■ Exercise data:
——

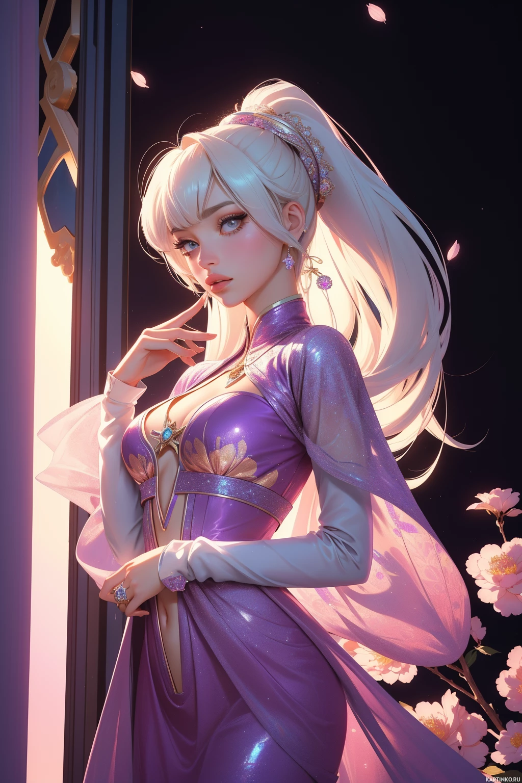 a purple dress that appears to have intricate detailing and jewelry, including an amulet around her neck. Behind her, there's a door or window frame that seems to be illuminated by soft light, casting
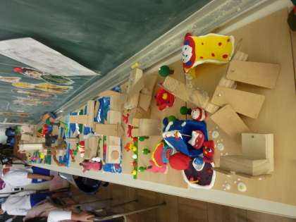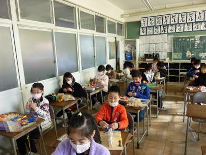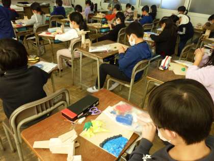 作品展にむけて、準備がすすんでいます。くぎ打ちをする作品に続き、作品をのせるための台や小物を作って、さらに工夫を重ねています。紙粘土は、赤・青・黄色・白のものを組み合わせて、色を作っていきます。混ぜると色が変わるので、色も工夫しながら作品作りを楽しんでいました。みんなに見てもらうとなると気合いが入る子もいます♪一生懸命どの子も作っているので、完成が楽しみです。
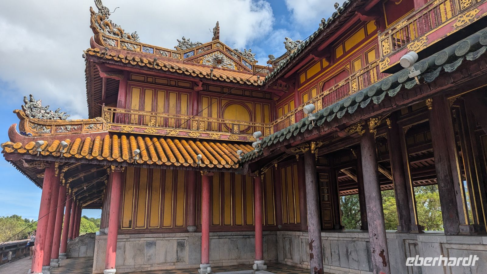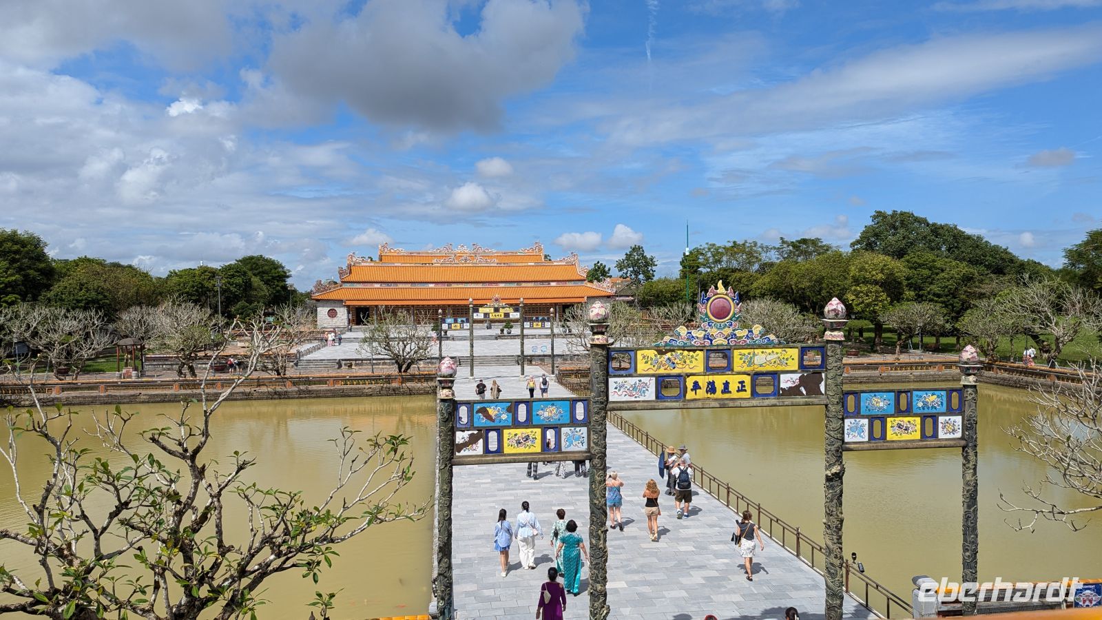 Von dort aus fuhren wir weiter zum Kaiserpalast, dem absoluten Highlight von Hue. Die weitläufige Anlage, auch Verbotene Stadt genannt, war einst der Sitz der Nguyen-Dynastie, der letzten vietnamesischen Kaiserfamilie. Innerhalb der dicken Mauern und Tore konnten wir prachtvolle Tempel, Pavillons, Tore und kunstvoll verzierte Hallen bewundern, eine eindrucksvolle Reise in die Vergangenheit Vietnams.
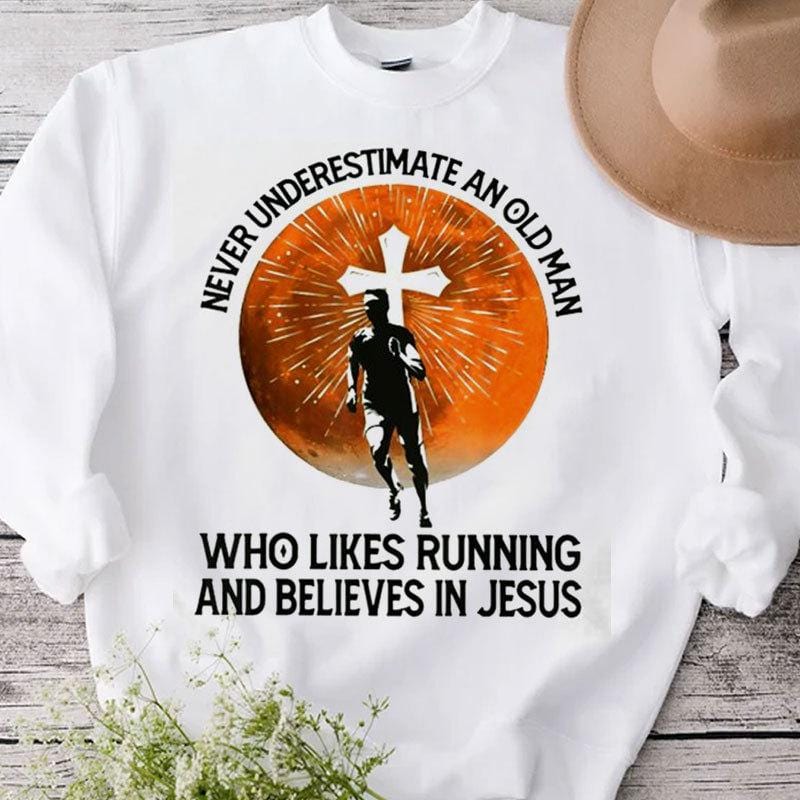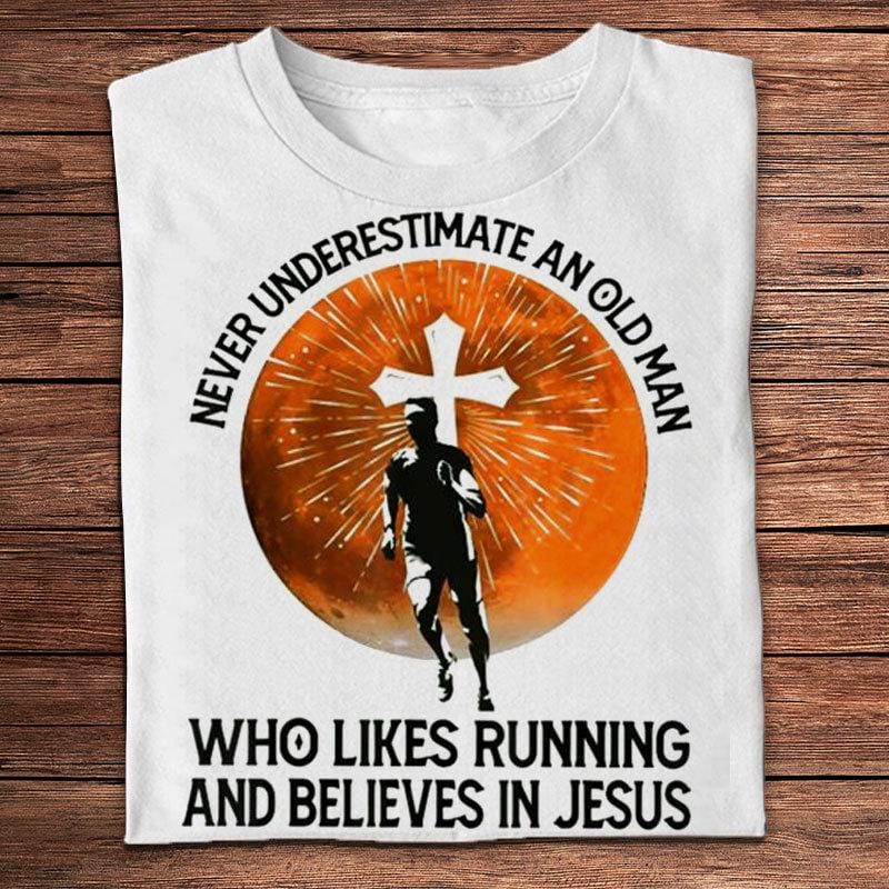 Never Underestimate An Old Man Who Likes Running & Believe In Jesus Shirts

——

■ Problem to work on:
Please set down exactly the lines from the first line of the data above through the line with "Von dort aus", both included, leaving out the pictures.

■ Final answer:
 a purple dress that appears to have intricate detailing and jewelry, including an amulet around her neck. Behind her, there's a door or window frame that seems to be illuminated by soft light, casting
 作品展にむけて、準備がすすんでいます。くぎ打ちをする作品に続き、作品をのせるための台や小物を作って、さらに工夫を重ねています。紙粘土は、赤・青・黄色・白のものを組み合わせて、色を作っていきます。混ぜると色が変わるので、色も工夫しながら作品作りを楽しんでいました。みんなに見てもらうとなると気合いが入る子もいます♪一生懸命どの子も作っているので、完成が楽しみです。
 Von dort aus fuhren wir weiter zum Kaiserpalast, dem absoluten Highlight von Hue. Die weitläufige Anlage, auch Verbotene Stadt genannt, war einst der Sitz der Nguyen-Dynastie, der letzten vietnamesischen Kaiserfamilie. Innerhalb der dicken Mauern und Tore konnten wir prachtvolle Tempel, Pavillons, Tore und kunstvoll verzierte Hallen bewundern, eine eindrucksvolle Reise in die Vergangenheit Vietnams.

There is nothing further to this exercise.